» **What you will do**: Each line from the first entry to the line with "深圳市交警局、福田區(qū)", both included, is to be returned unchanged, with any pictures dropped.

Records from a data collection:
◇ ◇ ◇

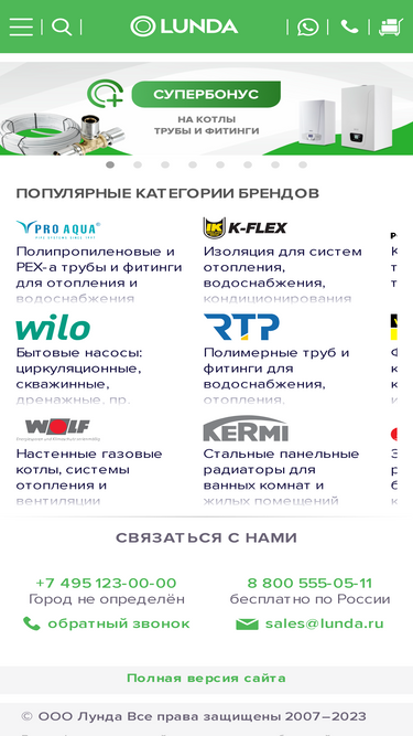 94%Запорная арматура, насосы, котлы и различного назначения, отопительные приборы, автоматика для котлов, теплых полов и многое другое для инженерной сантехники в наличие на складе в Москве. Экспресс-доставка на объект собственным автопарком, через ТК в любой город России, гибкие условия монтажникам, грамотный подбор и комплектация объектов. LUNDA - надежный и проверенный поставщик инженерной сантехники.
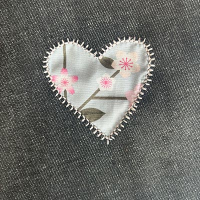 Vous souhaitez un renfort plus design pour votre vêtement ? C’est possible avec la couture d’un appliqué. Vous choisissez la forme et le point de couture.
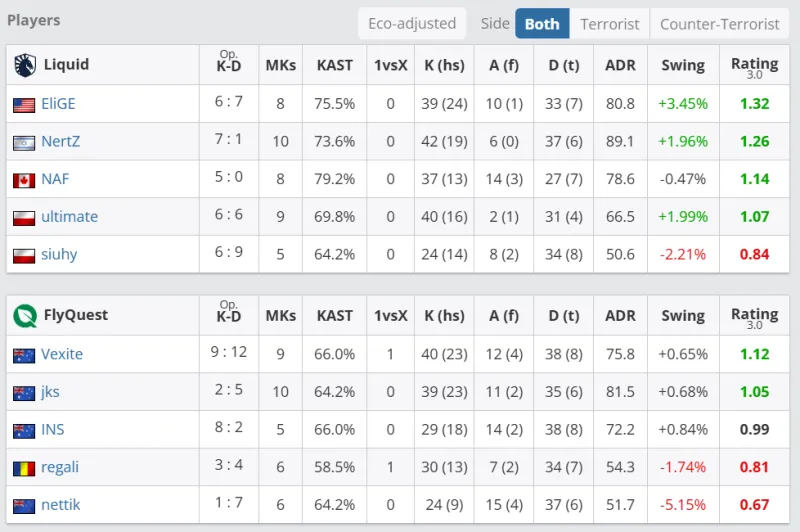 图二Train 尽管FlyQuest的Vexite拿到1.38rating 但Liquid全队稳定发挥,EliGE更是拿到1.46rating 稳定的发挥让Liquid以13-10战胜FlyQuest进入下一阶段
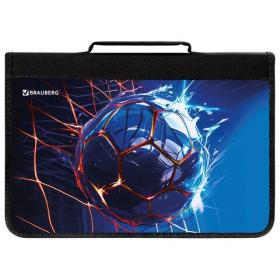 Папка на молнии BRAUBERG А4 с ручкой, с органайзером, 1 отделение, "Black football", 270992
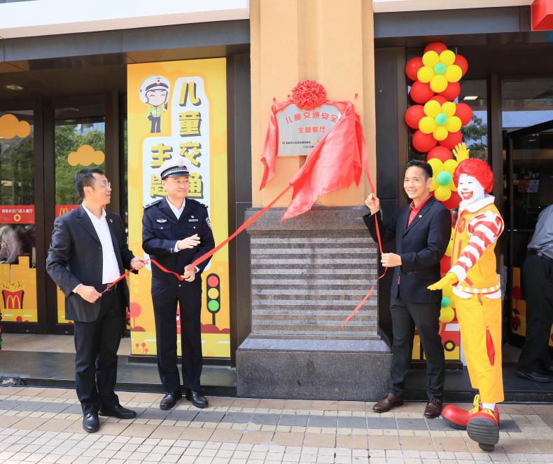 深圳市交警局、福田區(qū)香蜜湖街道辦、深圳麥當勞領導與麥當勞首席快樂官麥當勞叔叔共同為全國首家麥當勞兒童交通安全主題餐廳揭牌
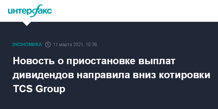 TCS Group также сообщила, что временно остановит выплату дивидендов до конца 2021 года, поскольку продолжает изучать возможности для органического и неорганического развития бизнеса, говорится в сообщении группы. "Руководство уверено, что если мы сейчас инвестируем капитал в дополнительный рост, то это станет лучшей гарантией устойчивости и прибыльности нашего бизнеса в будущем. Об этом мы подробно поговорим на дне стратегии, который состоится 7 апреля 2021 года", - заявили в TCS.
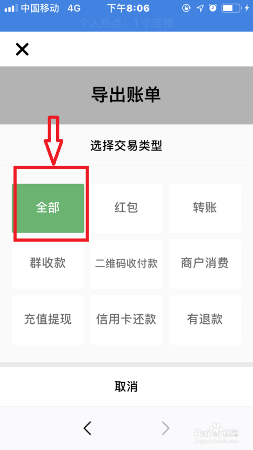 在账单页面,点击右上角“三个点”图标——“导出账单”,进入“账单导出”页面。
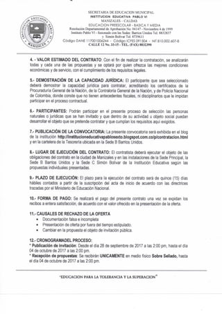 La Institución Educativa Pablo VI de Manizales solicita propuestas para la contratación del suministro de diplomas, actas de grado y medallas para los estudiantes que culminan la educación media. El proceso de selección se basará en la propuesta más económica y de mejor calidad, cumpliendo con los requisitos legales establecidos. Las ofertas se recibirán hasta el 4 de octubre de 2017, y el contrato deberá ejecutarse en un plazo de 15 días hábiles una vez firmado.
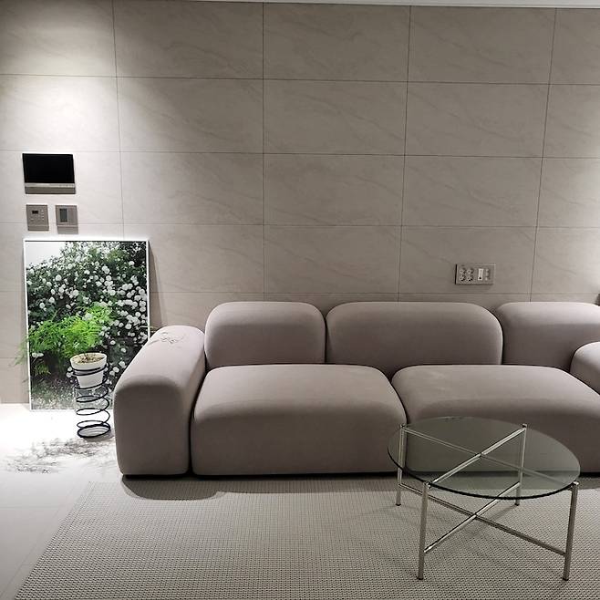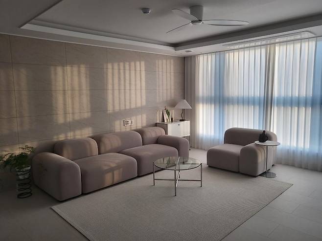 이사 오기 전에 검정색 가죽 소파를 오랫동안 사용하여서 이번엔 밝은 색의 패브릭 소파로 바꾸길 원했고, 착석감이 하드하지만 그만큼 아이들이 혹여나 뛰더라도 덜 꺼질 것 같았어요. 그리고 기능성 패브릭이라 사용하면서 아이들이 아이스크림이나 초코를 묻혀도 물티슈로 닦으면 말끔히 지워져요. 낮은 등받이로 인해 공간이 더 넓어 보이는 효과도 주는 듯 합니다. 무엇보다 저 동글동글함이 너무 사랑스럽지 않나요?
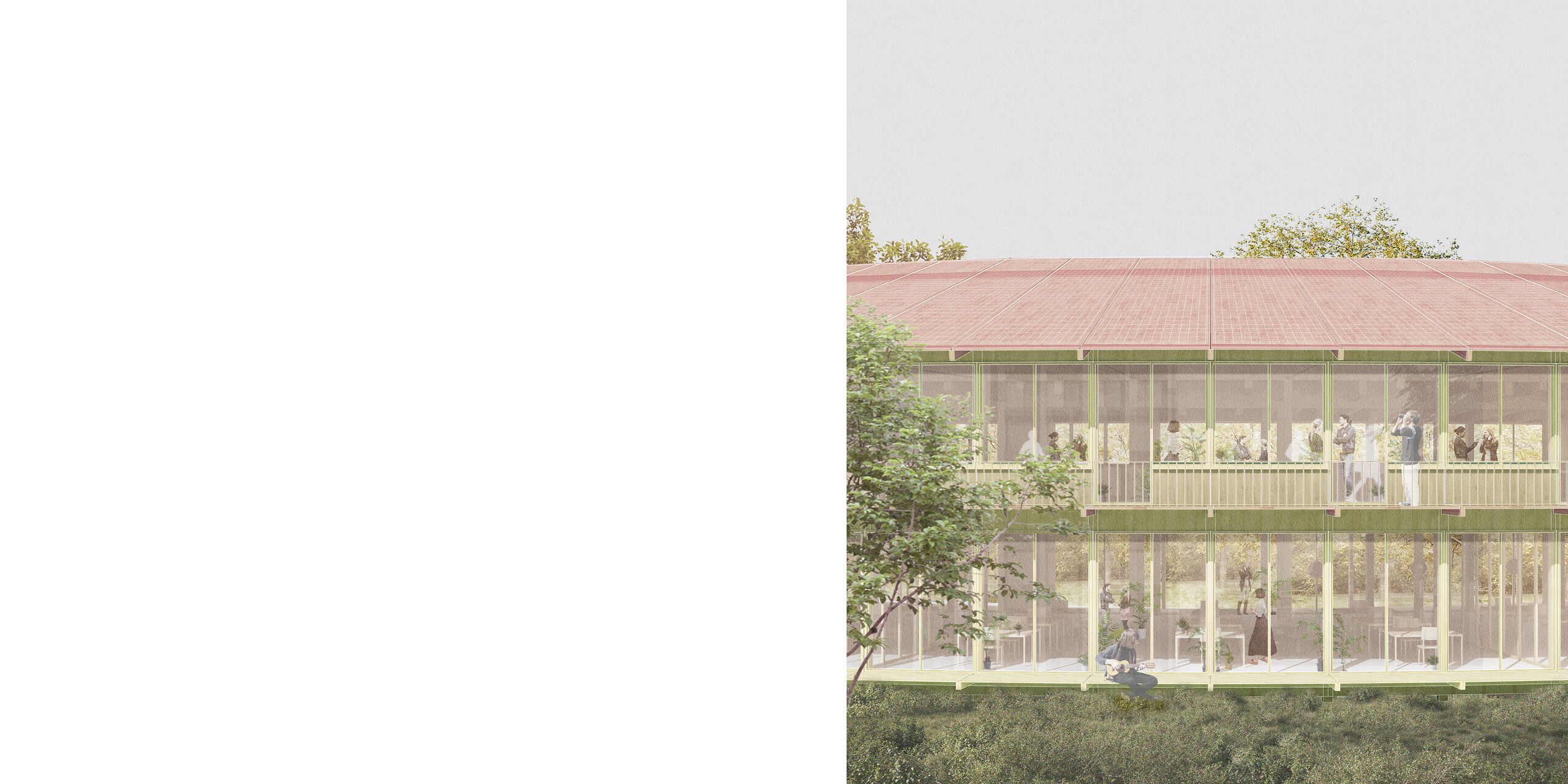 The arched shape of the new building has a harmonious and pleasant effect, offers a sheltered outdoor space and creates a flow of space.

◇ ◇ ◇

» **Written response**:
 94%Запорная арматура, насосы, котлы и различного назначения, отопительные приборы, автоматика для котлов, теплых полов и многое другое для инженерной сантехники в наличие на складе в Москве. Экспресс-доставка на объект собственным автопарком, через ТК в любой город России, гибкие условия монтажникам, грамотный подбор и комплектация объектов. LUNDA - надежный и проверенный поставщик инженерной сантехники.
 Vous souhaitez un renfort plus design pour votre vêtement ? C’est possible avec la couture d’un appliqué. Vous choisissez la forme et le point de couture.
 图二Train 尽管FlyQuest的Vexite拿到1.38rating 但Liquid全队稳定发挥,EliGE更是拿到1.46rating 稳定的发挥让Liquid以13-10战胜FlyQuest进入下一阶段
 Папка на молнии BRAUBERG А4 с ручкой, с органайзером, 1 отделение, "Black football", 270992
 深圳市交警局、福田區(qū)香蜜湖街道辦、深圳麥當勞領導與麥當勞首席快樂官麥當勞叔叔共同為全國首家麥當勞兒童交通安全主題餐廳揭牌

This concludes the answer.